Mike is that a old cable controller? A guy I work with ahd the same problem and he had to adjust the cable.

Good Luck Mike


----------



## mjmstaff

No cables. I have a "Cab Command" I plan on working on it in the morning. I will let you know what I find out.


----------



## dmaxallitech

*I have the same problem*

Mine is doing the same thing, started acting up at the end of last season, I parked it as I was done anyways. This season I replaced the pigtails on each side of the multi-pin harness as the green giant made a home there. It worked fine after that when testing it, hooked it up this AM and no go down.

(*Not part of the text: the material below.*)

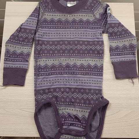 Polarn o pyret merinovilla body in overall great condition however has a tiny hole starting to form in the chest area (picture 2). Unfortunately got close to velcro there :(, hence the price is reduced. It can be fairly easily fixed.

I am going to check the nut on the top of the shaft and try loosening it. Can somebody please tell me where teh "quill" adjustment/valve is?

TIA


----------



## Frozen001

Well it may depend on the year but on my western if you look at the motor you will see a threaded screw sticking up on passenger side fron near the vent cap. It will have a sit to use a screw driver to adjust it.


----------



## genrock

www.westernplows.com click on publications library you can download manuals and mechanics guides and parts lists from there. Does sound like a quill adjustment to me but it could be several things. If you want to try the packing nut you can losen it then when tightening give it a 1/4 of a turn after it comes in contact with the packing check for leaks and tighten as needed.

Let me try and explain where the quill adjustment is. Okay its on top of the manifold block this is the block that your side to side hoses are running into etc. Should be three bolts on top of this manifold. The one your looking for is the bolt that is closest to the resovoir. This bolt or quill should have a flat head screw driver type of slot to adjust it. The other bolts are your poppet check valve which should have a allen head and crossover relief valve which will also be allen head type.

I myself am waiting to hit the lottery

Try adjusting the quill out while someone tries to lower the blade until it lowers then raise and lower and see if its set at the desired rate of drop you want.

Packing nut could be too tight. Loosen and adjust until it functions properly.

Lift cylinder packing dried out. Loosen the packing nut lubicrate cylinder move up and down and readjust the packing nut.

The most common problem with the 9 and 12 pin design is usually corrosion and not getting proper electrical contact. Start with the selenoid valves cleaning and applying dielectric greese to all connections and work your way back to the controler itself. These pins and connections get corroded so easy what with moisture and salt etc sitting on them during storage times. Give it a good electrical connection cleaning and you may find your problem there.


----------



## mjmstaff

Well, it turned out to be a bad wire in the truck side harness. Got it working and then fount out my 4 X 4 was not kicking it. Just got that fix about 20 min ago. Thanks guys for all the advise.:salute:


----------